--- Task prompt ---
Required from the data below: the exact lines starting at the line containing "Has the Boilermaker" and ending at the line containing "Ak máte citlivú", with both ends kept and all pictures dropped.

--- Records supplied ---
────

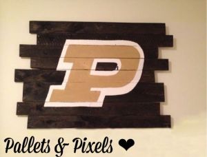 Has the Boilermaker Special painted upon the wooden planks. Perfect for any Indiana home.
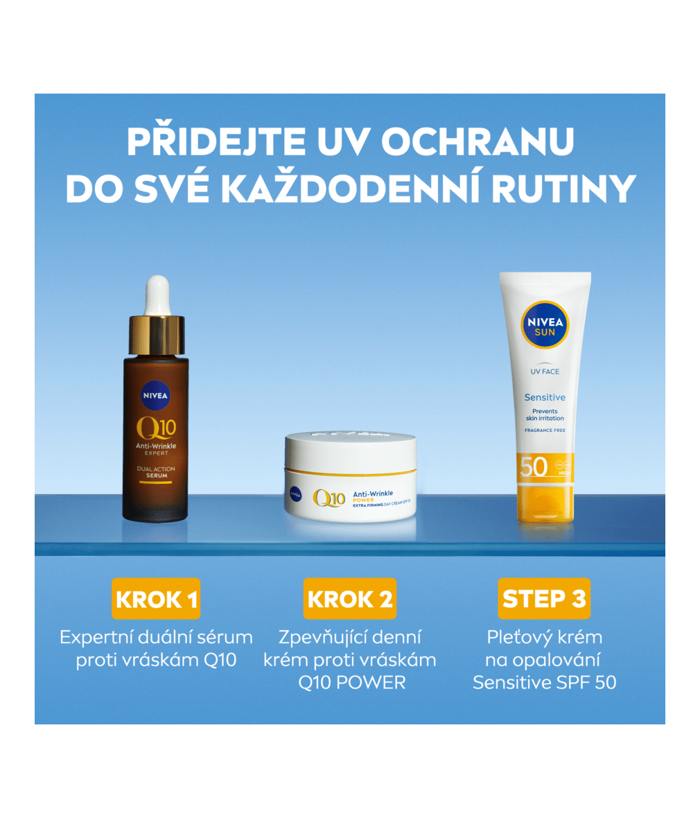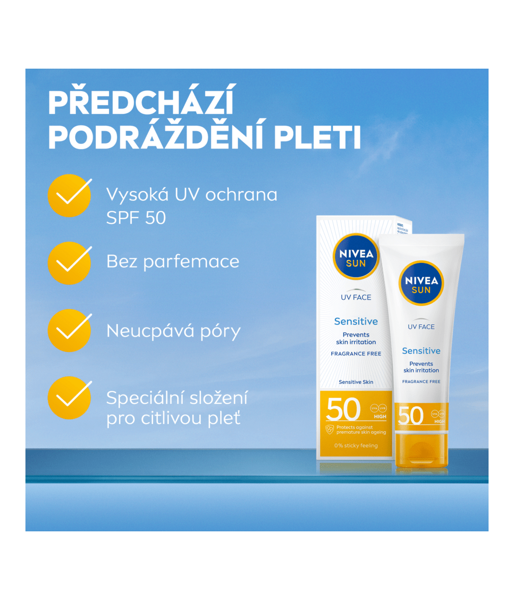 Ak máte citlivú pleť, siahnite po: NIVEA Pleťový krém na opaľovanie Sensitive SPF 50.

────

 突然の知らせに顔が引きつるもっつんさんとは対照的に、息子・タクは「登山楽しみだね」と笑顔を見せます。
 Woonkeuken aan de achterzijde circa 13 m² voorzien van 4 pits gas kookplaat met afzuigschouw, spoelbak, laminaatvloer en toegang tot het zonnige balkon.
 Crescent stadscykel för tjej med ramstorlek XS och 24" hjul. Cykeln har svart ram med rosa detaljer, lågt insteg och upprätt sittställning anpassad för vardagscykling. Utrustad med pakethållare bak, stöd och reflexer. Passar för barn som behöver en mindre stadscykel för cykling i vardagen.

────

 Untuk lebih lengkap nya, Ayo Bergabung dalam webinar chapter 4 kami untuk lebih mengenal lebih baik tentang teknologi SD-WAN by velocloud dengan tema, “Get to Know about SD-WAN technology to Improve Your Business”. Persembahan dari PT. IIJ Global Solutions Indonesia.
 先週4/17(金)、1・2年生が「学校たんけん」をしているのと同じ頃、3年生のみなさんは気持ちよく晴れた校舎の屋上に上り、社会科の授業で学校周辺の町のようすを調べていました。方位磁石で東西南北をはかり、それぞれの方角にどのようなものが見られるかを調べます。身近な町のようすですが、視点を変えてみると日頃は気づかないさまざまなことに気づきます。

────

--- Exercise result ---
 Has the Boilermaker Special painted upon the wooden planks. Perfect for any Indiana home.
 Ak máte citlivú pleť, siahnite po: NIVEA Pleťový krém na opaľovanie Sensitive SPF 50.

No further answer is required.